The Iterator bytecode:
Code:new # // class java/util/ArrayListdupinvokespecial # // Method java/util/ArrayList."
":()Vastore_aload_invokeinterface #, // InterfaceMethod java/util/List.iterator:()Ljava/util/Iterator;astore_goto aload_invokeinterface #, // InterfaceMethod java/util/Iterator.next:()Ljava/lang/Object;popaload_invokeinterface #, // InterfaceMethod java/util/Iterator.hasNext:()Zifne return
Use the foreach bytecode:
Code:new # // class java/util/ArrayListdupinvokespecial # // Method java/util/ArrayList."
":()Vastore_aload_invokeinterface #, // InterfaceMethod java/util/List.iterator:()Ljava/util/Iterator;astore_goto aload_invokeinterface #, // InterfaceMethod java/util/Iterator.next:()Ljava/lang/Object;checkcast # // class loop/Modelastore_aload_invokeinterface #, // InterfaceMethod java/util/Iterator.hasNext:()Zifne return
What are the applicable scenarios of different traversal methods?
1. Traditional for loop traversal, based on counter:
Sequential storage: high read performance. Applicable to traversing sequential storage sets.
Chained storage: time is too complex to apply to a set of Hierarchical Storage.
2. Iterator traversal, Iterator:
Sequential storage: if you do not care too much about time, we recommend this method. After all, the code is more concise and prevents the issue of Off-By-One.

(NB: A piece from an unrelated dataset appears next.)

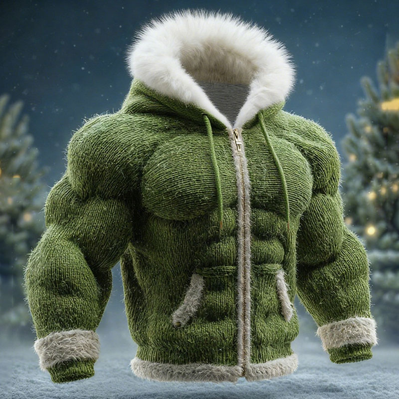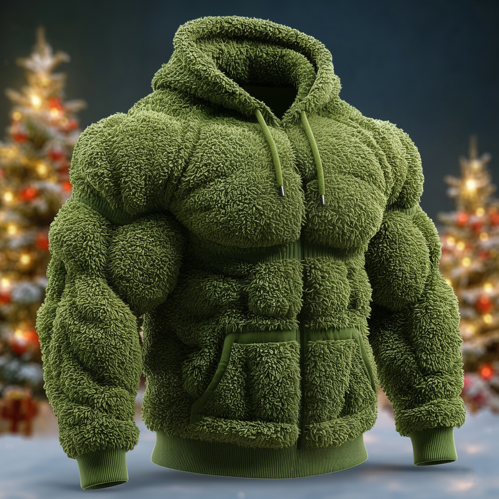 Men's Christmas Green Muscle Line Cozy Plush Hoodie

Chain storage: it is of great significance. The average time complexity is reduced to O (n), which is quite attractive. Therefore, this Traversal method is recommended.
3. foreach loop traversal:
Foreach only makes the code more concise, but it has some disadvantages, that is, it cannot operate data sets (delete) during traversal, so it is not used in some occasions. Besides, it is implemented based on Iterator. However, due to the type conversion problem, it is a little slower than using Iterator directly, but it is better, with the same time complexity. So how to choose, refer to the above two methods to make a choice.

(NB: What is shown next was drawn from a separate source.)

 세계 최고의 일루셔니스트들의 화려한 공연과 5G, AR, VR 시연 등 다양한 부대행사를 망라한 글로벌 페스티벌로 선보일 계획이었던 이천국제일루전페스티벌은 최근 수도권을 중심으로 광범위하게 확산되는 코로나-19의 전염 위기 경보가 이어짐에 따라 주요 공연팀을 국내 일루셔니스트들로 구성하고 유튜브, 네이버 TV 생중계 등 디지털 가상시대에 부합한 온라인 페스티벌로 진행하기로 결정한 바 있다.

What are Java best practices?
In the Java data collection framework, a RandomAccess interface is provided, which has no method but a flag. It is usually used by the implementation of the List interface to mark whether the implementation of the List supports Random Access.
A Data Set implements this interface, which means it supports Random Access. The average time complexity of reading elements by location is O (1 ). For example, ArrayList.

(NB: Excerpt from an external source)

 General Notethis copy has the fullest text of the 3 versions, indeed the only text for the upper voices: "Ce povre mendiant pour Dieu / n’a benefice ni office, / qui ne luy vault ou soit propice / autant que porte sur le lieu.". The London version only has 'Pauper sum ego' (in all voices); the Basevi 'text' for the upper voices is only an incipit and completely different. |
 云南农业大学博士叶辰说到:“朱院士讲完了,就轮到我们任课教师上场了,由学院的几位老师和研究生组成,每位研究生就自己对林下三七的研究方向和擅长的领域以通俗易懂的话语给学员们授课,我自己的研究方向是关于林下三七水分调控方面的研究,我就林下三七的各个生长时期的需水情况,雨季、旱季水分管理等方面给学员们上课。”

If this interface is not implemented, it indicates that Random Access is not supported. For example, revoke list.
So it seems that JDK developers have noticed this problem, so we recommend that you first determine whether Random Access, that is, List instanceof RandomAccess, is supported if you want to traverse a list.
For example:
If (list instanceof RandomAccess) {// use the traditional for loop traversal .} Else {// use Iterator or foreach .}
The above is a small series of Java traversal Set Method Analysis (implementation principle, algorithm performance, applicable occasions), I hope to help you!